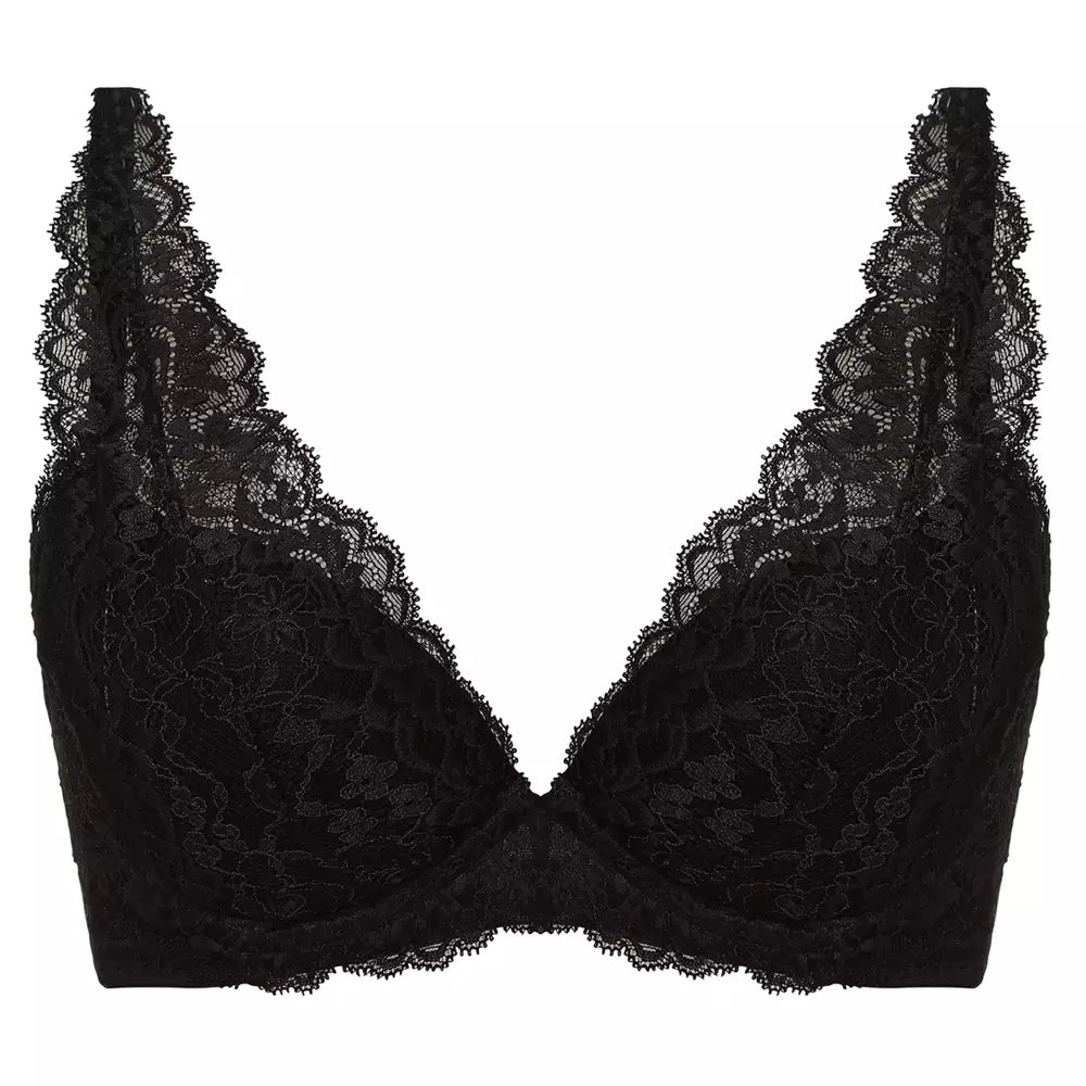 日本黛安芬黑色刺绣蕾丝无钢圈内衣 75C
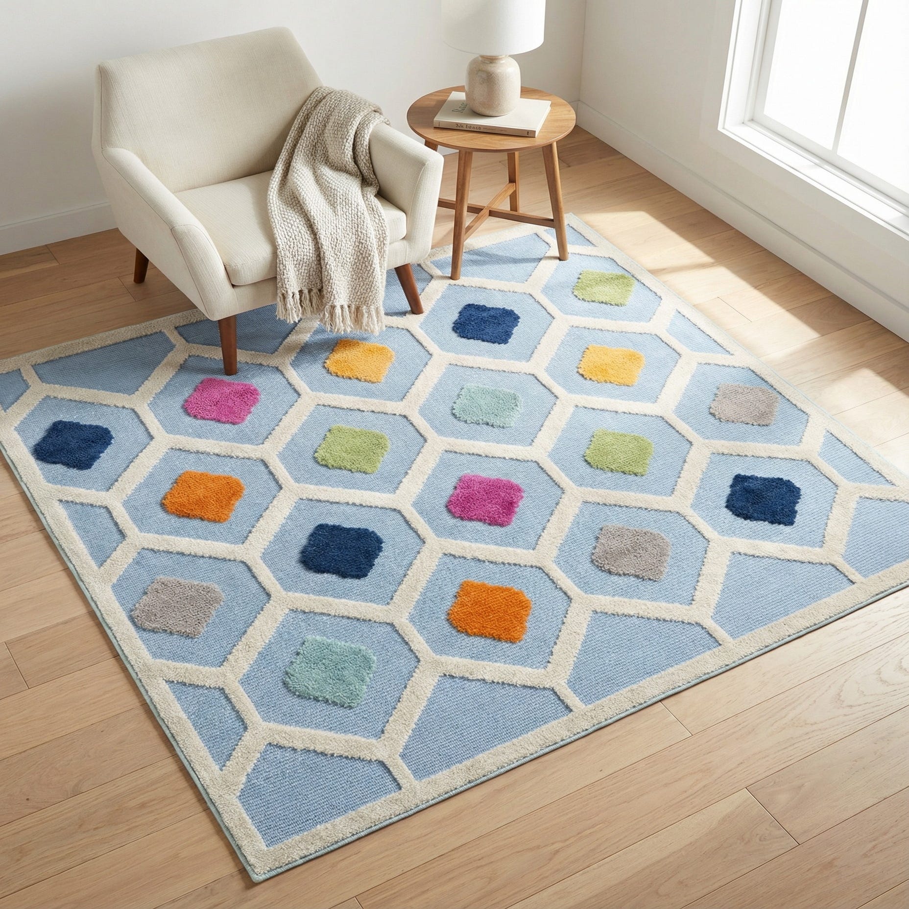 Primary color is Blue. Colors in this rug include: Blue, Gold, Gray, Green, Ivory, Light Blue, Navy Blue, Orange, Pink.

--

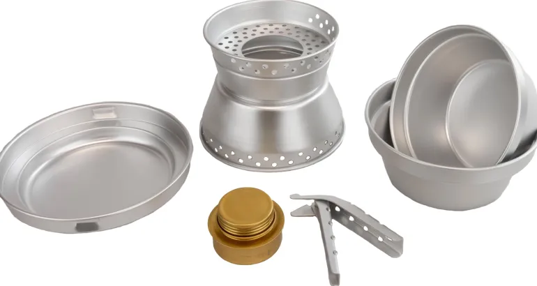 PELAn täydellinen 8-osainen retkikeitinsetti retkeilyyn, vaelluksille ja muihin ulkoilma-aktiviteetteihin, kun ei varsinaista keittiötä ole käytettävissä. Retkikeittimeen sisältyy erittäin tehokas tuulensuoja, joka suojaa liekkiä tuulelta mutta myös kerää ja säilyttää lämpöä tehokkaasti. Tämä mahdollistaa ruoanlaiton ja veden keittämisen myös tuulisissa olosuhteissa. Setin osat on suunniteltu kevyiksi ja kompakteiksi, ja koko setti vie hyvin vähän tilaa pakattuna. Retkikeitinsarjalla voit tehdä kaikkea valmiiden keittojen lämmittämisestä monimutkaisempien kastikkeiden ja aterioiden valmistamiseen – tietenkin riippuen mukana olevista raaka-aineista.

** HOW TO COMPLETE THIS TASK **
When you reach the line with "日本黛安芬黑色刺绣蕾丝无钢圈内衣 75C" in the records above, begin repeating the lines exactly, and stop after the line with "Primary color is". Skip all pictures.

** SOLUTION **
 日本黛安芬黑色刺绣蕾丝无钢圈内衣 75C
 Primary color is Blue. Colors in this rug include: Blue, Gold, Gray, Green, Ivory, Light Blue, Navy Blue, Orange, Pink.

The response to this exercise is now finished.